Contexte religieux et immaturité

Un expert psychiatre évoque une « certaine immaturité » chez la jeune mère, renforcée par des principes religieux musulmans stricts. Ces principes rendaient impossible d'évoquer des relations sexuelles avant le mariage, la poussant à cacher sa grossesse à son père adoptif, le compagnon de sa mère, décrit comme un croyant à la mentalité rigide.

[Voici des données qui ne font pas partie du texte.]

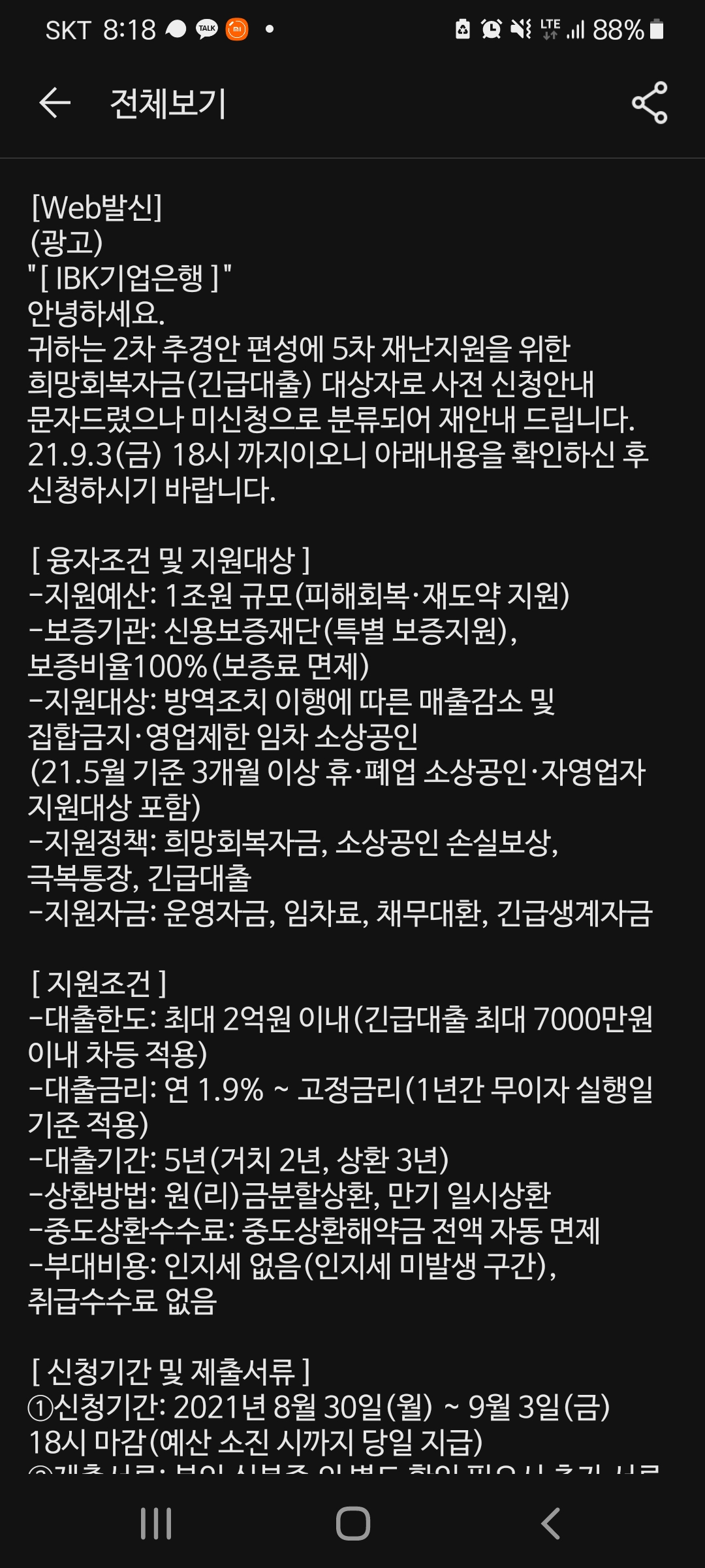 『스미싱문자 주의』신한은행 특별보증 긴급자금 대출

Défense et accusation s'affrontent

L'avocate de Sabrina Boulsas, Me Chloé Bonnat, plaide l'acquittement, estimant que sa cliente se trouvait dans une « situation de détresse absolue » et « d'affolement ». « Il n'y a pas d'infraction pénale », affirme-t-elle, soulignant le contexte familial oppressant.

À l'opposé, Marie-Christine Klepping, avocate du département de Côte d'Or partie civile, soutient que l'empaquetage des nouveau-nés « n'est pas le fruit du hasard ». « Il y avait une volonté de s'en débarrasser », insiste-t-elle, représentant les intérêts de l'enfant survivant. Le procès devrait se conclure vendredi, après une semaine de débats intenses sur cette tragédie familiale.